The foundations are shaky. Of course it's an easy rhetoric tool to use by journalists, but often they are not wrong, if those claims turn out to be true.

  • That's not so much a crack in the foundation as it is a patch of dirt next to the foundation.

    To get an idea of what happens to old physics when new physics is discovered, realize that Newton's laws are still correct, and can be derived from QM. That's what you get when you do a good job of actually checking the truth with experiments. All theories have implicit tolerances embedded within the known precision of the experiments used to confirm them, and with these tolerances you can say "Newton's laws are right" without denying other, finer details. Similarly, scientists 1000 years from now will agree with everything we presently know about the Standard Model, because all of our beliefs are tempered by how closely we know our experiments are looking.

    >Quantum entanglement

    I should add that entanglement isn't "shaky" at all, it was predicted from the start and has been observed in countless experiments to date.

    • Borrowing from an a old comment of mine:

      On one hand, on some scales, Newtonian mechanics is correct "enough" to give results that work, and so in that sense it is just incomplete in that its domain is restricted. On the other, relativity and QM change everything. These new theories may reduce to Newtonian mechanics given certain assumptions, but Newtonian physics assumes things about the structure of spacetime that are fundamentally incorrect (e.g. velocity is not additive). In this sense, one can fairly say that Newton's mechanics are not just incomplete or missing some fine details, but wrong.

      I think there is more to the foundations than just the best numbers we can come up with for a given experiment. Our numbers for the gravitational constant, for example, are pretty similar (if more precise) to the numbers in 1891, but the setting in which that number is completely changed. There is no aether, no absolute space, velocities don't add (even though it's "mostly" right on most scales we experience and measure, it is false), space and time get mixed up, etc. Those were all pretty foundational ideas just over a hundred years ago.

      4 replies →

  • The standard model is anything but shaky at the moment.

    • It's very successful, but It's known to be incomplete, so this is why this article is interesting because it can point to a new theory that alter or event replace the standard model. Also, I linked to the cosmological constant problem, which to me looks like a gaping hole in the theory.

      It's amazing that all this math can describe the world we live in and help build us all the modern gadgets we see:

      https://www.symmetrymagazine.org/article/the-deconstructed-s...

      But on the other hand it looks like spaghetti code written in APL and needs some refactoring :)

      2 replies →

There are no more 'revolutions' left for physics? And I'm not talking about tomorrow but imagine a 1000 years from now. It seems a bit arrogant to assume that.

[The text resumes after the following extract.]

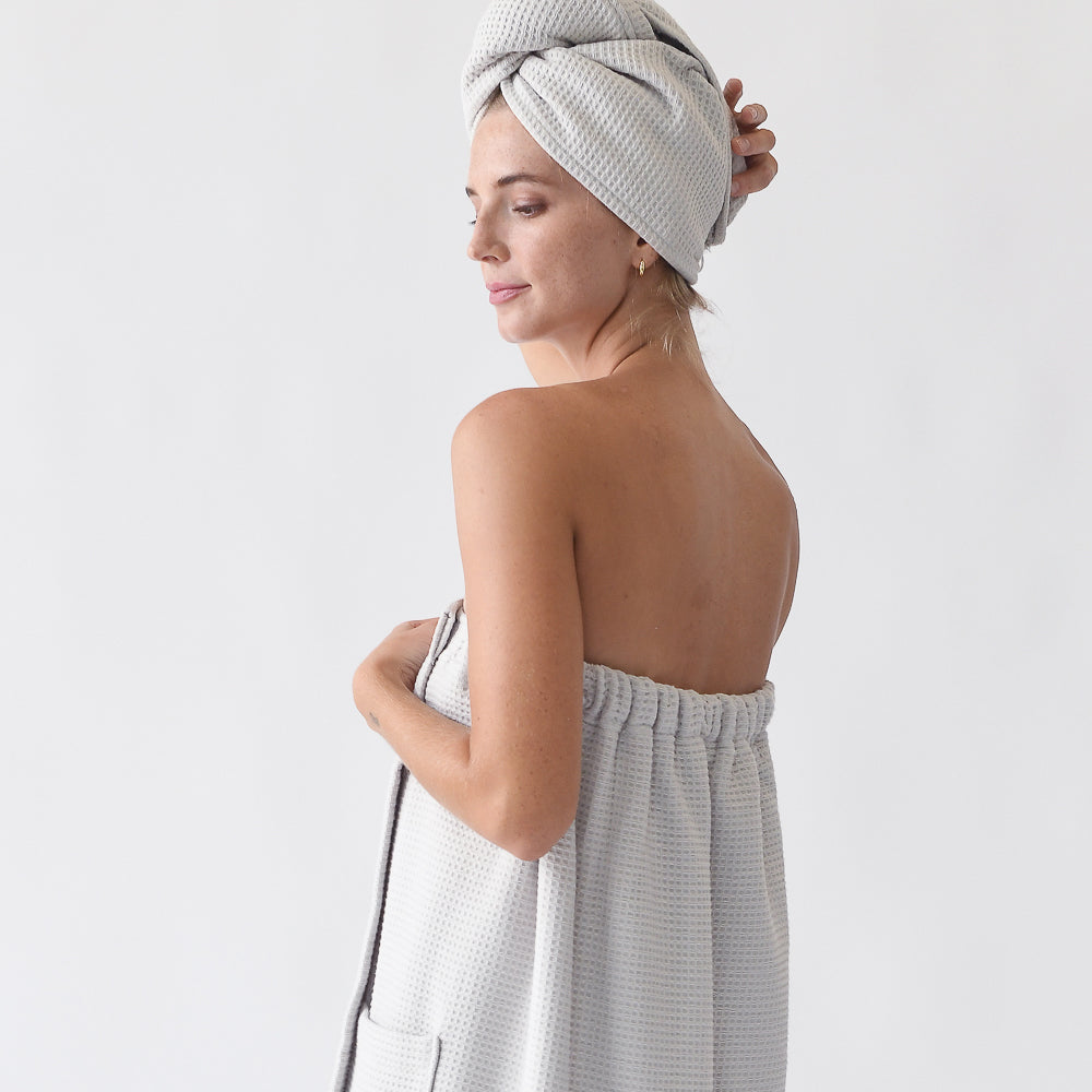 Elevate your post-shower routine with the Waffle Hair Towel. This hair wrap helps dry your hair and keeps it out of your face while getting ready, making it a convenient companion for your mornings.

I also dislike the pseudo pop-science, but the visceral close mindedness is just another side of that coin imo.

  • "overhauled" is not the same as "broken". It's bit arrogant to assume that all those GPS measurements that pinpoint our location will one day be proven wildly incorrect. They clearly aren't. They might be refined, but are not all that wrong. Even Newtonian physics is under many circumstances a close approximation of reality.

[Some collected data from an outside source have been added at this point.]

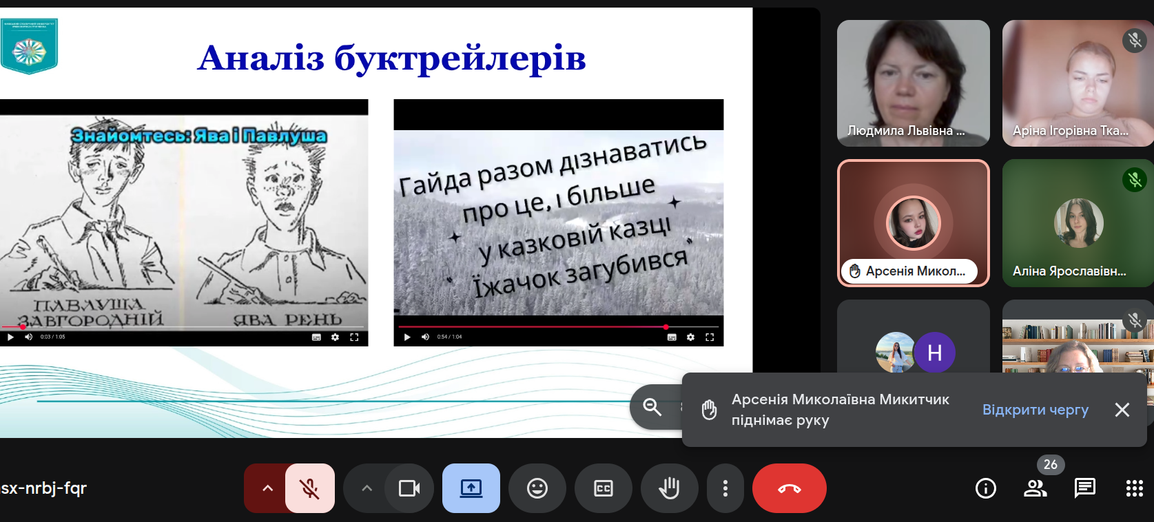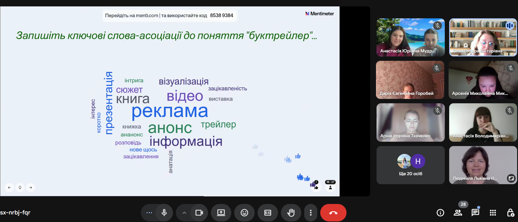 Засідання Наставницької студії НУШ було спрямовано на розвиток у студентів предметно-методичної та інформаційно-цифрової професійних компетентностей, які сприятимуть організації навчальної діяльності й розвитку молодших школярів. Майбутні педагоги навчились ефективно застосовувати рекламні буктрейлери в майбутній професійній діяльності з метою розвитку читацьких інтересів та самостійної читацької діяльності учнів початкових класів НУШ.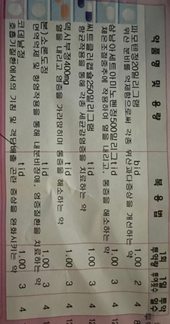 편도염 치료를 위해 처방받는 약의 상세 정보를 사진으로 첨부하였습니다.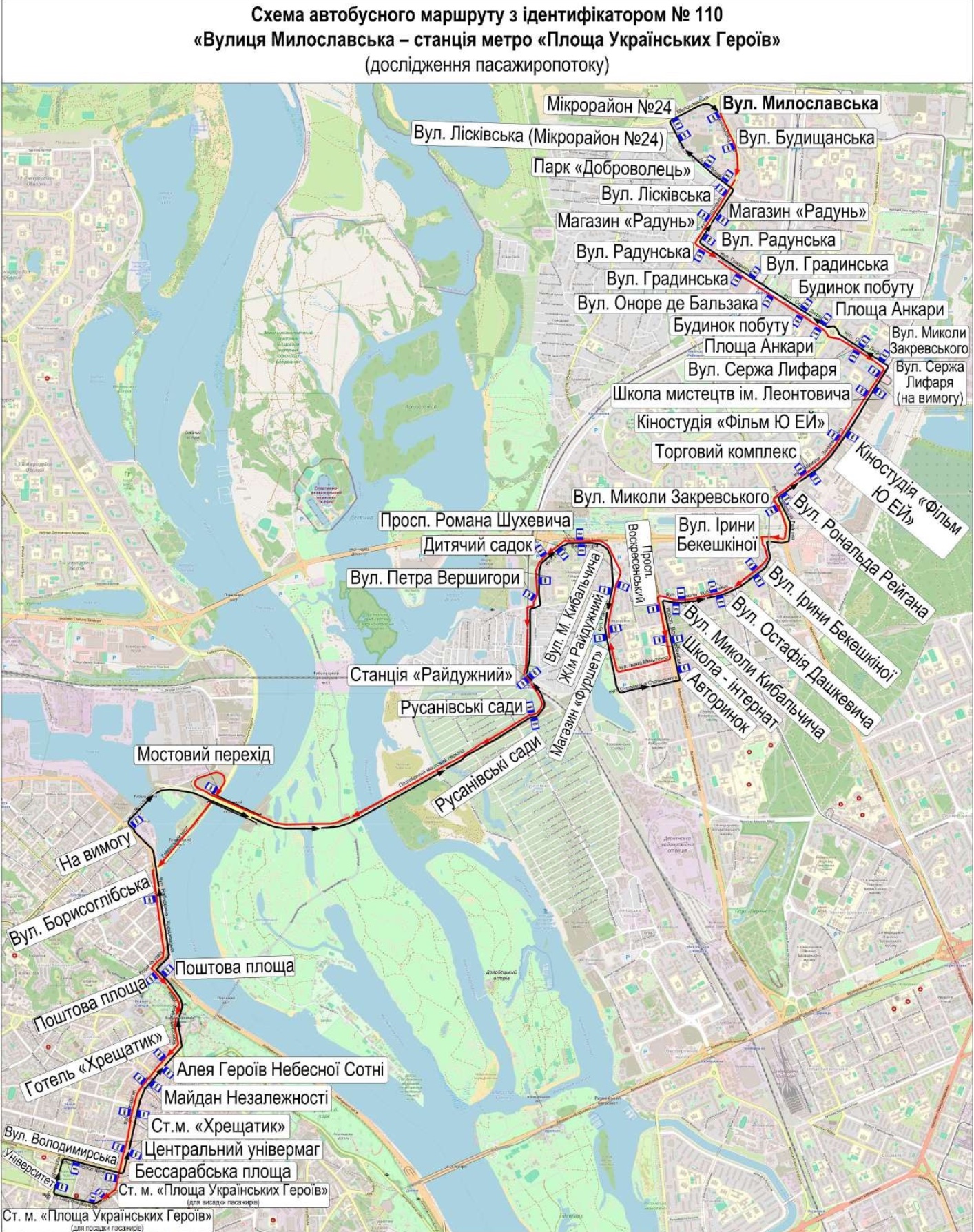 Автобус №110 курсуватиме від вулиці Милославської до станції метро «Площа Українських Героїв». Цей маршрут повністю дублює схему руху автобусу №61, тож роботу останнього буде призупинено.

    Further reading from Dr Asimov: https://chem.tufts.edu/answersinscience/relativityofwrong.ht...

    > living in a mental world of absolute rights and wrongs, may be imagining that because all theories are wrong, the earth may be thought spherical now, but cubical next century, and a hollow icosahedron the next, and a doughnut shape the one after.

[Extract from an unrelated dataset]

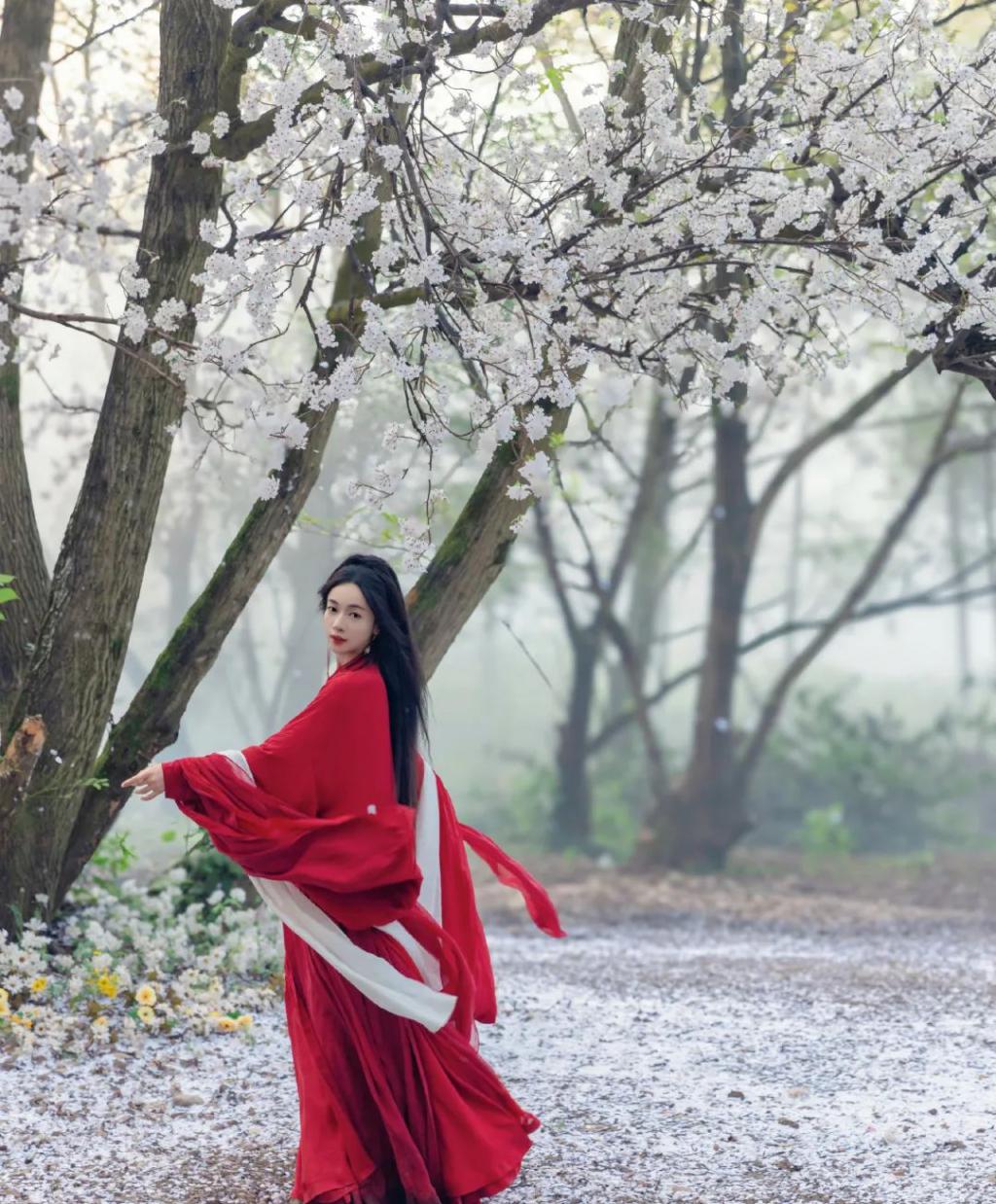 照片中的她,身穿红色衣服,在现场低头看路,其妆容精致,五官立体,肌肤白皙,晶莹剔透,吹弹可破。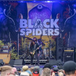 One of Planet Rocks Premiere DJ’s now takes to the stage, throwing drumsticks in to the crowd on the way to his kit. Wyatt Wendell’s has brought his ‘Cymbals of Appreciation’ up the Steelhouse Mountain in the form of his manic band BLACK SPIDERS. This crushing powerhouse mash up of all things gargantuan sounding deliver a 45minute set full of rip snorting abuse. From the powerhouse opening track, ‘Death Comes Creeping’ to the set closer ‘Kiss Tried To Kill Me’ the band deliver a trail of destruction. ‘Spider’ Spilby on vocals, stands front and centre, his gritty voice keeps the ship err ship shape as he lets loose on this high-octane set. The Guitar of Denim wearing ‘Owl’ Lister has the finesse of a police bartering ram as he delivers scorching licks in ‘Stick It to The Man,’ full of string bends and distorted madness to the cacophony of ‘Stabbed in The Back.’ Wendell’s, preening in-between barrages of shear chaos around the kit looks content as he tears into 60’s smasher ‘Good Times’ and locking in tight with ‘Fox’ Irwin create a psychotic barrage of rhythmical abuse that is ‘Teenage Knife Gang’ finishing the set with ‘Kiss Tried To Kill Me’ from 2011’s Sons Of The North, with its ‘Merican riffing sound bringing the set to an untimely end. Black Spiders maybe not be to everyone’s liking, but give them a go, they converted me, a cracking set.

    > What actually happens is that once scientists get hold of a good concept they gradually refine and extend it with greater and greater subtlety as their instruments of measurement improve. Theories are not so much wrong as incomplete.

    > Even when a new theory seems to represent a revolution, it usually arises out of small refinements. If something more than a small refinement were needed, then the old theory would never have endured.

    • The point isn't that you get a few more significant figures of accuracy on a slightly larger set of problems, but that you use completely new tools, techniques, and ideas to tackle completely new classes of problems.

      Heliocentrism isn't a "refinement" of geocentrism. It's a completely new way of understanding the universe. The fact that you can make geocentrism work if you make your epicycles complicated enough doesn't change the fact that it's conceptually incorrect, and not a useful way to think about the solar system.

      Likewise GR isn't a "refinement" of Newton. It drives a tank through the middle of the Newtonian world view and burns it to the ground. Then it says "New physics, this way" and off it goes, thinking about phenomena that are literally inconceivable in a Newtonian universe.

      You can consider GR a more accurate refinement for certain problems only. There's a limited set of problems - large in everyday human terms, but extremely limited in cosmological terms - where Newton gives you all the accuracy you want.

      But if your understanding stops there, you're missing the point of these revolutions. They're not about improved accuracy, they're about new world views that give access to entirely new problem classes.

      You literally cannot imagine these problems if you consider Newton as a mostly correct foundation and GR as a kind of philosophical epicycle added to it later.

      And that means you cannot do useful new physics.

      5 replies →

    • It’s quite possible to have an understanding of something that works in some situations but does not explain every situation. I would say that we have mathematics models of fairly large portions of physics but they are limited because they can’t explain how gravitation works. We can describe how we see it working but not explain how and why it works. I think there will always be new more complete models that encompass more and more of what we cannot explain.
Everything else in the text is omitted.